Well before there could of been corruption that requires using intels tools to fix( unless you format like ya did lol )..

When i was running 6 HDDs going from 1 to 2 speed went from 60MBs to 110MBs 3rd did not make much difference 4th added a little more and was around 160 and did not notice much more difference till the 6th HDD which got me around 230MBs.

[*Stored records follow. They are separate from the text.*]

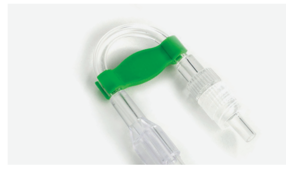
J-loop to prevent kinking/occlusion of the tubing
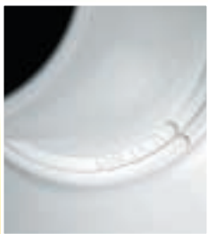
Visual Indicators Align indicators to remove cover.

Clipsal's new range of 2530 Battenholders pack more features than any other battenholders in the competition. The range consists of three different versions to suit any application, and they're all simple to install and boast the latest safety features. Simply rotate the cover 120° for easy removal, and a new built-in safety feature prevents the cover from accidentally falling onto a hot globe. Terminal slots are accessible, even after installation, and small protectors prevent accidental finger access. Finally, to ensure a clean appearance, there are no unsightly screwheads.
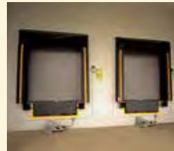
Rolling Service Doors
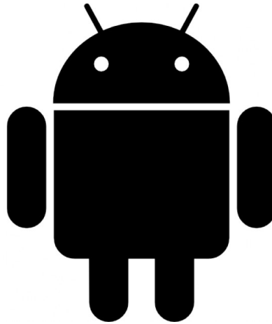
Tablet or Smartphone

"XP" 32 & 64bit "7" 32 & 64bit "VISTA" 32 & 64bit "8" 32 & 64bit, "8.1" 32 & 64bit "10" 32 & 64bit
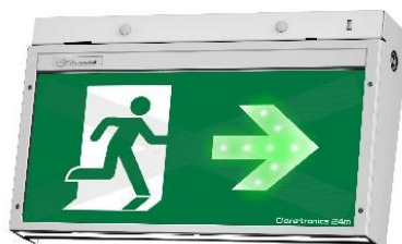
Dynamic LEDs Sequencing Arrow
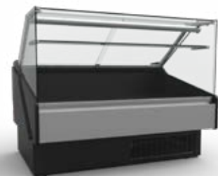
Optional FG Flat Glass
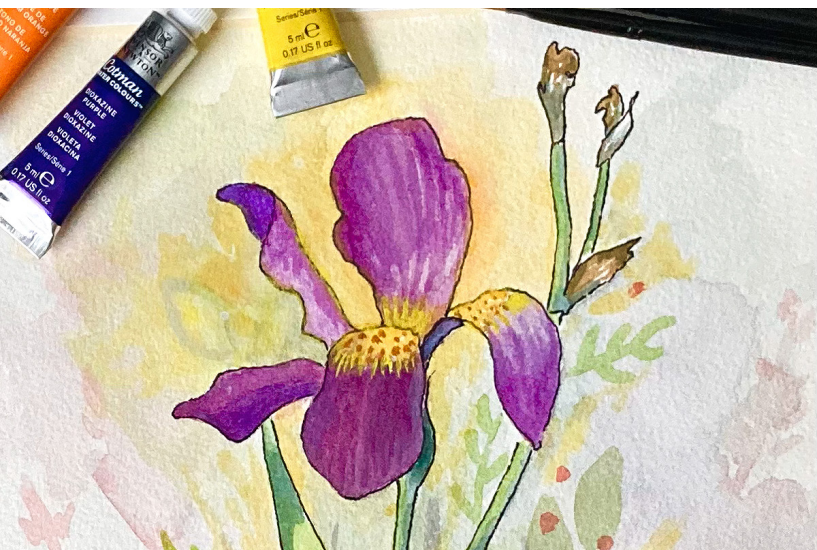
Exploring Watermedia II Workshop - March 23

Our classes provide a creative space for artists to learn at every age and level.
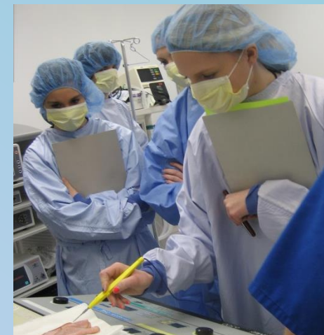
Mineral Community Hospital, Feb, 2014, (2) 44 Superior, Alberton & Regis sophomores
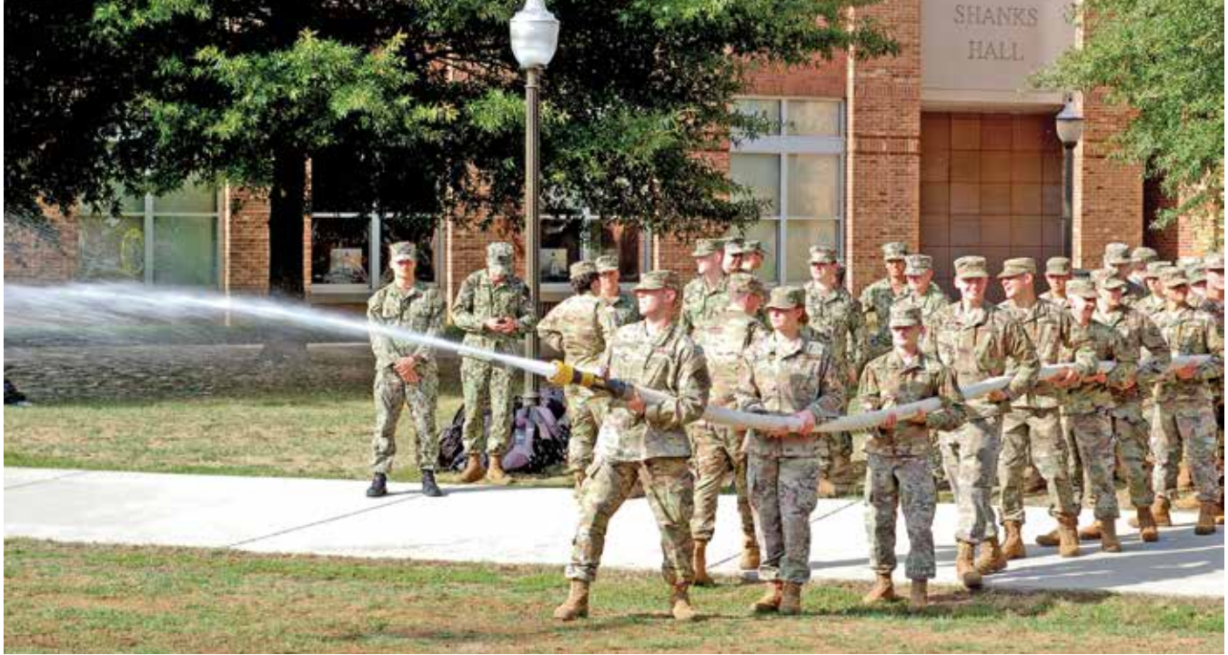
Midshipmen fourth class from Delta Company practice proper hose technique with Blacksburg firefighters during a damage control lab.
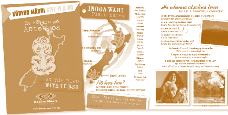
Te Pukapuka hōu mō Te Wiki o te reo Māori

kei te taurite ngā kōrero whakatairanga, ā, ka māia ake tā rātou whakamahi i ngā rauemi ki te tautoko i te whakamahi i te reo. Koinei i huri ai Te Taura Whiri i te Reo Māori ki te whakawhanaunga ki ngā whakahaere pērā ki ēnei: te Health Sponsorship Council, te Kāhui Tika Tangata, Te Kete Ipurangi, te Reo Irirangi Māori, Te Māngai Pāho, Whakaata Māori me TVNZ; he ōrite hoki ō rātou whāinga ki ō mātou. Ka tautoko anō hoki ēnei hononga i ngā kaupapa ā-motu pērā ki a Matariki me te Wiki o te Reo Māori.
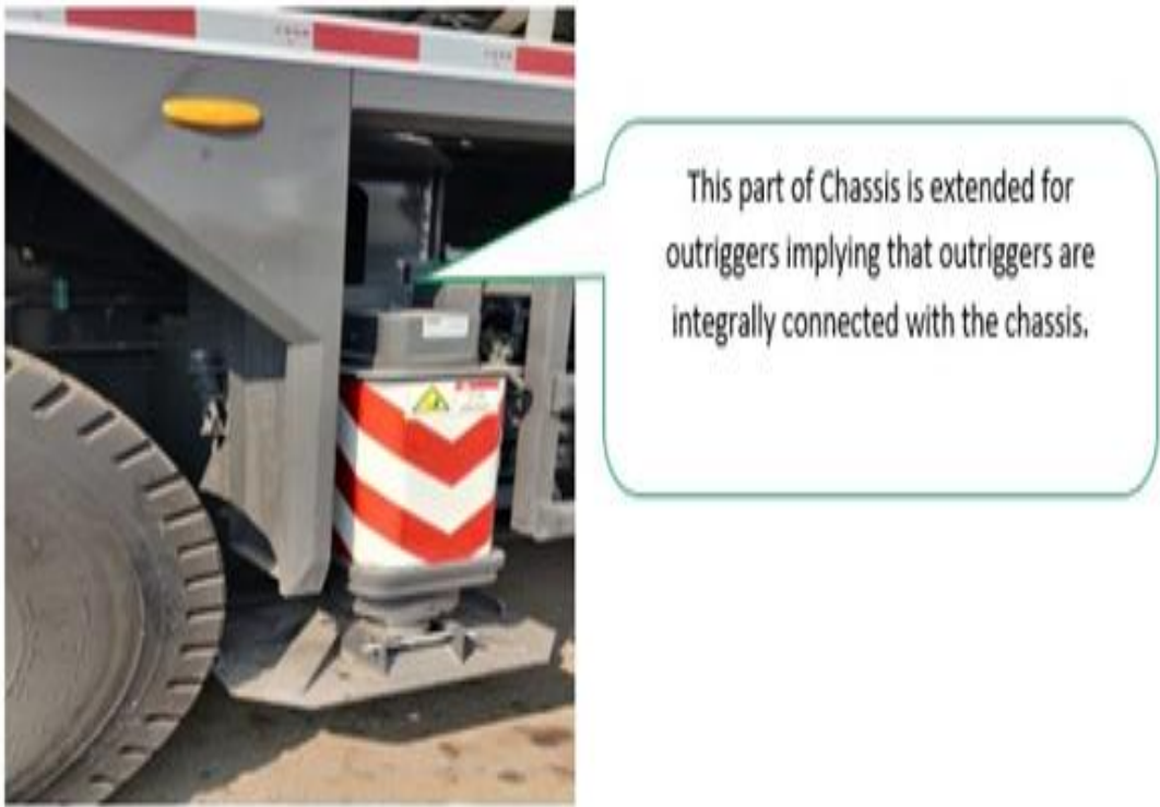
Pic-11 This picture shows the front side right outrigger of the crane.
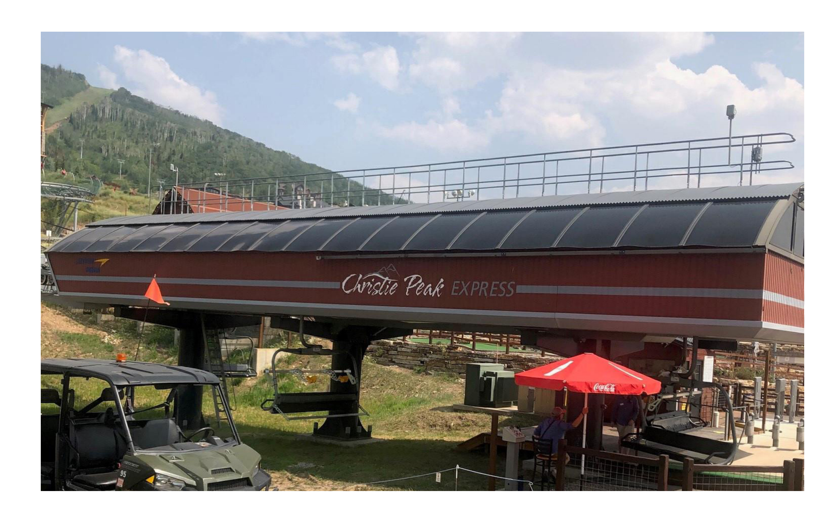
CPX LOWER TERMINAL - NORTH ELEVATION
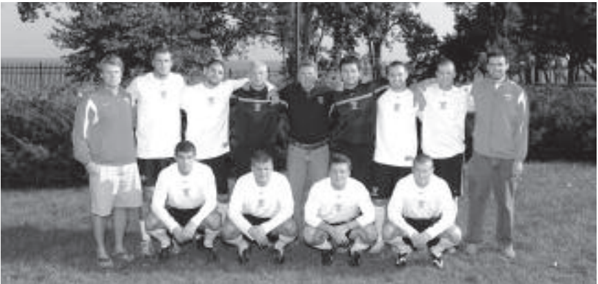
2008 Carthage Men's Soccer Seniors

If you format the HDD so the 1st to like 30% ( if i remember right ) you can get the read up to some thing like 300+MBs.

 HD tune Thread

And when i changed  the size.

 HD tune Thread

The start of that thread, don't believe it's being updated much any more .
 HD tune Thread


----------



## TheoneandonlyMrK (Oct 26, 2010)

cheers asrock the links were handy too ive got it doin 200+ again in sisoft so im content ish with 5 disks and i already hot rod my raid arrays first 20% gets used for tunes as a sepperate partition this hotrods main partition which then sits in the fast part of the drives 

just thought id also mention that a effective way of speeding up this kind of raid array is by running a high FSB with lower multi as i have tried many oc settings and found that for example at 8x400 i get 200 Mb/s  but at 450x8 i get 260 Mb/s both times cpu is at 3.6 with mem geared for 1 ghz each time


----------



## Hvale2k5 (Nov 4, 2010)

hey guys, do i need 2 SSD with the same capacity to run raid 0? or they both must have the same capacity.


----------



## Yukikaze (Nov 4, 2010)

Hvale2k5 said:


> hey guys, do i need 2 SSD with the same capacity to run raid 0? or they both must have the same capacity.



Yes - If you use different size drives then you will only get a total amount of space available which is equal to twice the size of the smaller disk. If you use a 30GB and a 120GB drive in RAID0 you will only get 60GB of usable space.


----------